I would have ended his life. You should have seen how he trembled before my might. His spear was not iron. It would have merely tickled.
She rolled her eyes and started off again. Valorre kept pace at her side. She glanced at him a few times, eyes falling on his flank where he’d been struck by Erwin’s whip. The wounds had healed but it didn’t stop her from remembering how his skin had split beneath the iron barbs. Her heart sank as she reached out to touch his soft hide. “You’re made of flesh like anything else. You may be particularly sensitive to pure iron, but steel can wound just as deep.”

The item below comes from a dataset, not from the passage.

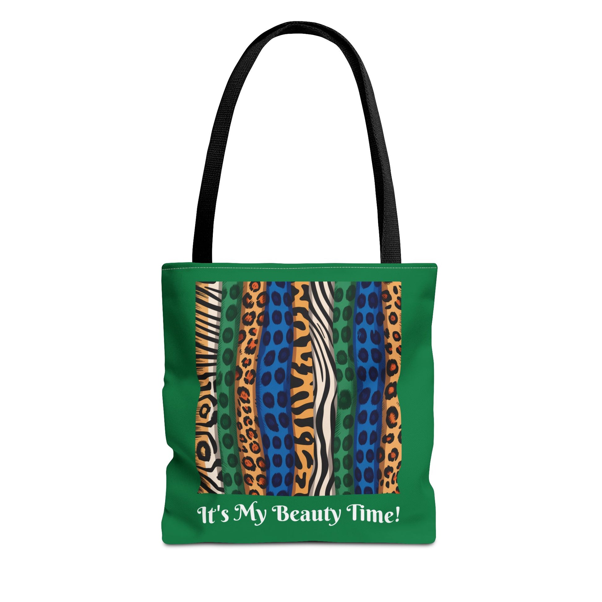 It's My Beauty Time! ~ is a vibrant multi-color and stylish tote bag, perfect for those who love to express their personality through bold designs. This handbag is not just a practical accessory; it’s a statement piece! The vivid colors and fun patterns create a lively vibe that adds excitement to any outfit. Ideal for casual outings, shopping trips, or weekend get aways. Great gift for birthdays, childbirth, wellness, and other special occasions. This purse has blue, green, and natural colors of cheetah, zebra, leopard, and tiger prints encased in dark green on the front and back sides.

I will not cower before a boy.
Cora wanted to argue that he was far from a boy. He may not have been like the men from the duke’s hunting parties, but he was tall. Broad. Strong.Verystrong. The way he’d whirled her around, pulling her against his chest when he’d tried to disarm her. The way he’d pinned her on her back and wrenched the knife from her fingers. Angry heat crawled up her cheeks at the memory. She shook her head and shifted her attention to the name he’d given.
Teryn Alante.
She hadn’t realized it then, but she knew that name. Remembered hearing it when she was a child. Teryn Alante was the Crown Prince of Menah. What was he doing out here? He’d admitted to hunting unicorns but also insisted he hadn’t killed one. She’d opened her senses to him then, felt the truth of his statement, mingling with conflict over what he’d almost done to Valorre. Then there was that odd bit he’d said about having been sent by Princess Mareleau. He had to have meant Mareleau Harvallis, Princess of Selay. Another name she recalled.
If you’re so worried, then you should have killed him instead of letting him go.
Cora cut him a glare, but she had no argument to give. She wasn’t entirely sure why she’d let him go. They’d been evenly matched once they’d faced off with spear and bow, but she could have shot him after. He was a unicorn hunter, and that made him her enemy. Sure, he was a prince, and killing him would make her an enemy to his kingdom. But she could have fled the scene and left no one the wiser to what she’d done.
Still, she couldn’t fight the feeling that settled in her chest, one that told her that—despite all evidence to the contrary—he didn’t deserve to die.
“I miss when I only understood you in one-to-two-word spurts,” she muttered.
Valorre rippled with something like laughter.The boy agitates you. Or interests you.